@minutework/web-auth
v0.1.1
Published
Tenant-domain browser SDK for MinuteWork-hosted customer auth and app APIs.
Readme
@minutework/web-auth
Tenant-domain browser SDK for MinuteWork-hosted customer auth and app APIs.
import { createMinuteWorkClient } from "@minutework/web-auth";
const mw = createMinuteWorkClient({ appId: "tenant_app" });
await mw.auth.signup({ email, password, displayName, claimRef });
await mw.auth.signUp({ email, password, displayName, claimRef });
await mw.auth.login({ email, password });
await mw.auth.signInWithPassword({ email, password });
await mw.auth.verifyEmail({ token });
const session = await mw.auth.getSession();
const projects = await mw.query("listProjects", { filters: {} });
await mw.action("createProject", { data: { name: "Example" } }, { idempotencyKey });The SDK uses same-origin /_mw routes with credentials: "include". It never exposes bearer tokens or runtime dispatch credentials to browser JavaScript.

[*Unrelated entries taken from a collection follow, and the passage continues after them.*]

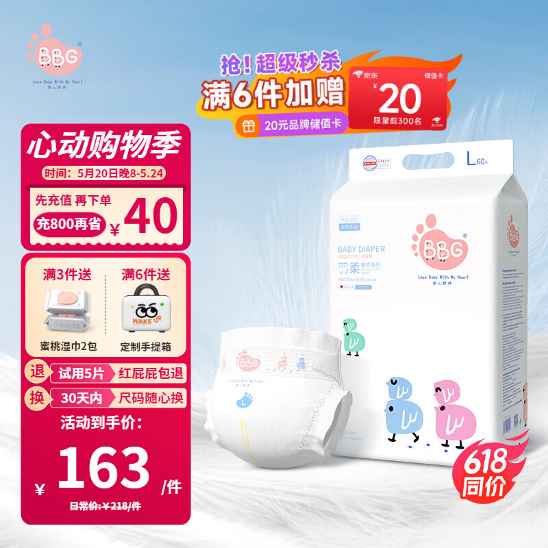 BBG蓝芯羽柔奢护纸尿裤新生儿NB码90片(≤4kg)婴儿尿不湿鲸吸瞬干价格:198.00元!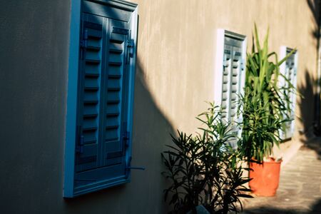 Athens Greece September 12, 2019 Closeup of a window on a facade of a house in the Plaka neighborhood in the afternoon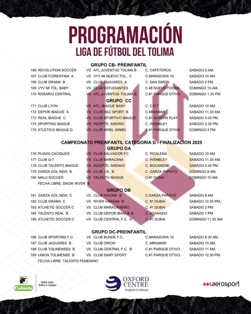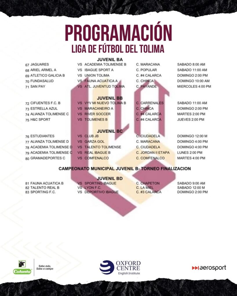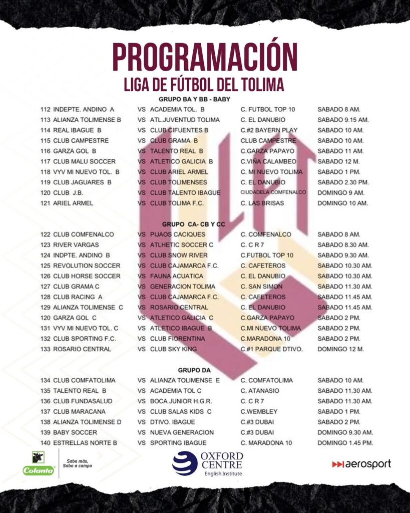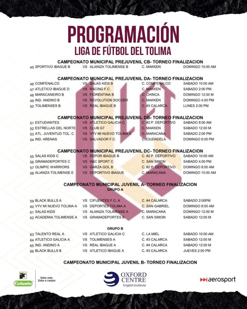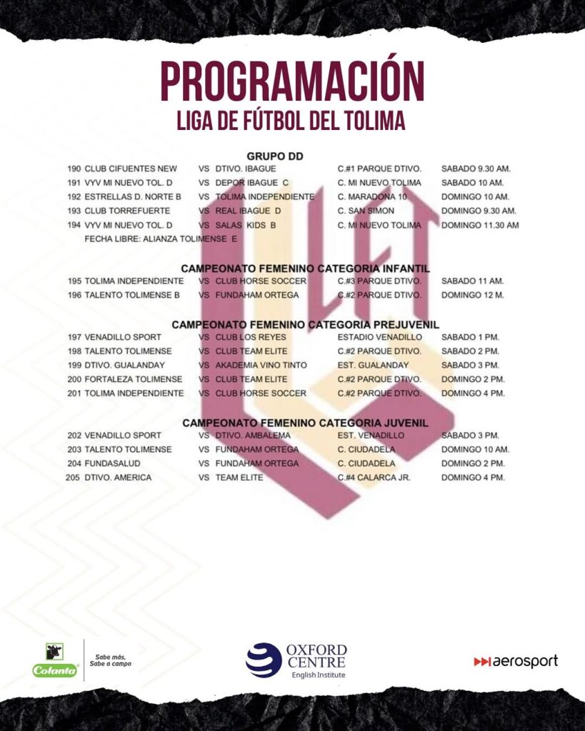 Espijao.com y la Liga de Fútbol del Tolima traen la programación oficial para el fin de semana, sábado 25 y domingo 26 de octubre de 2025.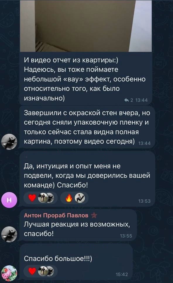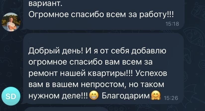 Хочется сказать огромное спасибо ребятам. Качество работы выше выше всяких похвал, но больше всего впечалило внимание и отношение к клиенту. Такой уровень коммуникации, доброжелательности и черства я никогда не встречал. Отдельное спасибо за коммуникацию и помощь после сдачи объекта. Девиз компании: «ремонт для жизни» и это чистая правда. Рекомендую всем!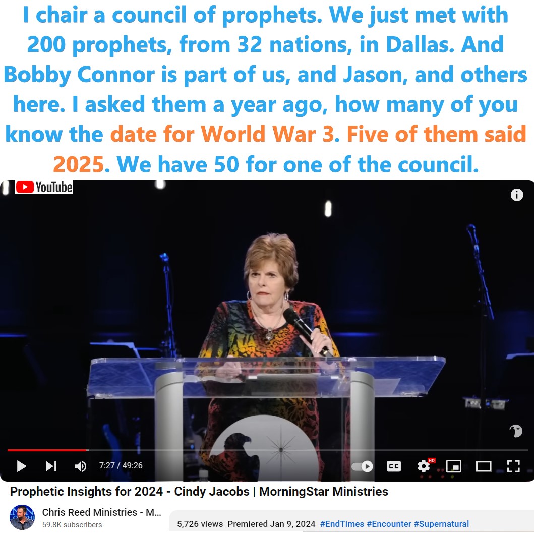 World War 3 in 2025. Cindy Jacobs provided insight into the possible timing for World War 3. See partial transcript and video link below: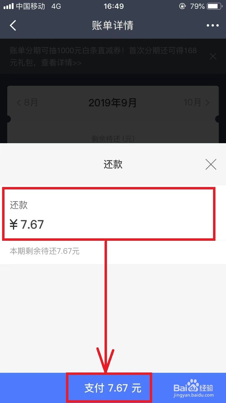 5、进入【账单详情】页面,点击页面中【还款】按钮,在弹出窗口中输入并确认还款金额后,点击【支付】按钮。如下图所示。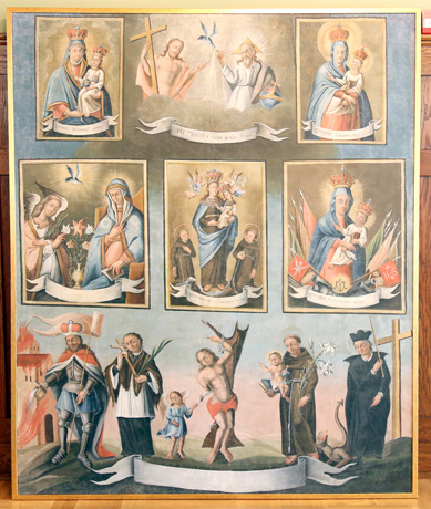 Re­li­gi­nio siu­že­to alie­ji­nės ta­py­bos dar­bas „Auš­ros“ mu­zie­jų pa­sie­kė apie 1940 me­tus. Pa­veiks­le vaiz­duo­ja­mos sep­ty­nios re­li­gi­nės sce­nos, pen­kio­se iš jų yra Švč. Ma­ri­ja. Ma­no­ma, kad tai – XIX am­žiaus dar­bas, au­to­rius ne­ži­no­mas.

The only readable browser token is the non-secret CSRF cookie used for X-CSRFToken.
The signUp and signInWithPassword aliases are Supabase-style ergonomics for the same cookie-backed web customer session. They do not return access or refresh tokens. Native/mobile clients use @minutework/native-auth, where the same signInWithPassword name returns a native access/refresh token pair instead.
Security guidance for tenant web apps:
- Serve the app and
/_mwgateway routes from the same tenant domain. - Keep the Django session cookie host-only, HttpOnly, Secure, and SameSite=Lax.
- Add a CSP that blocks inline script by default and only allows trusted script origins.
- Treat XSS as session compromise: the cookie is HttpOnly, but malicious same-origin script can still ride the customer session and submit CSRF-protected requests.
- Do not proxy runtime APIs directly from the browser. Use the SDK routes so the platform gateway can validate the customer session and dispatch an actor context to the runtime.